Our findings help to explain why the potential of the climate crisis to boost support for costly mitigation measures has its limits. In the baseline, the climate crisis competes with other crises and events that have a more short-term time horizon, which divert people's attention.
Research team
30 May 2024
Short-term priorities can 'crowd out' support for climate policies
Public support for policies which aim to combat climate change can be crowded out by other more immediate crises which divert people’s attention, a new study has found.
With a limited capacity for worry, researchers found that concern generated by events unfolding in the short term can distract public support from events seen as having a longer-term horizon, such as climate change, harming efforts to introduce costly policy designed to mitigate its impacts.
Policy-makers should therefore focus on emphasising the immediacy and urgency of climate change to help mobilise support, the researchers stressed, also taking the opportunity to link the issue to other events seen as more immediate to boost its salience.
The findings were revealed in a new paper, The climate crisis, policy distraction and support for fuel taxation, co-authored by Dr Julian Limberg (King’s College London), with Professor Philipp Genschel (University of Bremen) and Professor Laura Seelkopf (Ludwig-Maximilians-University, Munich).
“General myopia, but particularly distraction, undermines the capacity of the climate crisis to boost support for costly countermeasures.”
Data for the study was gathered from a survey of 21,000 people across 17 European countries run by YouGov.

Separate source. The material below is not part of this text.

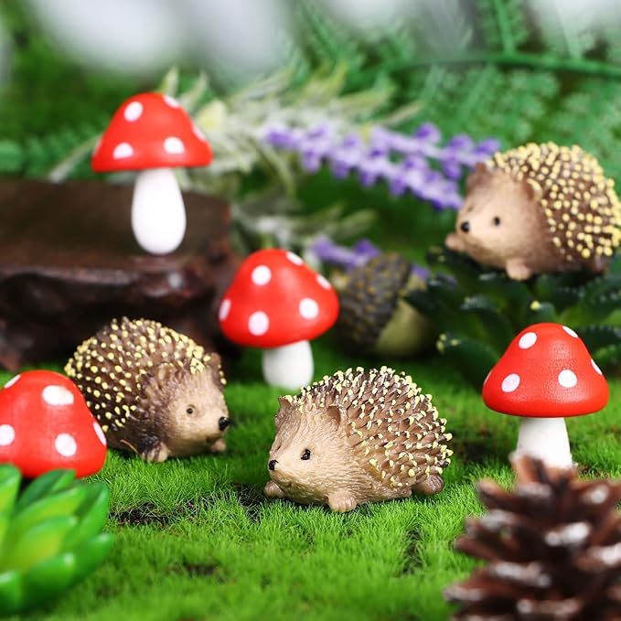 - Mini Hedgehogs and Mushroom: You will get 5pcs fairy garden mushroom figurine and 3pcs cute hedgehog figurine, ideal decoration for miniature landscape flower pot bonsai craft, to add to your fairyland fairy garden.

In it, people were provided with information about the climate crisis before being asked about their support for a tax on fossil fuels. Researchers found that, in this scenario, people were more likely to support a tax by 12 percentage points, tipping public opinion towards net support for the policy.
In other survey scenarios, respondents were reminded of other more immediate crises, like COVID-19 or the Russian invasion of Ukraine, after being served with the climate crisis information. This significantly reduced their subsequent willingness to support a fossil fuel tax.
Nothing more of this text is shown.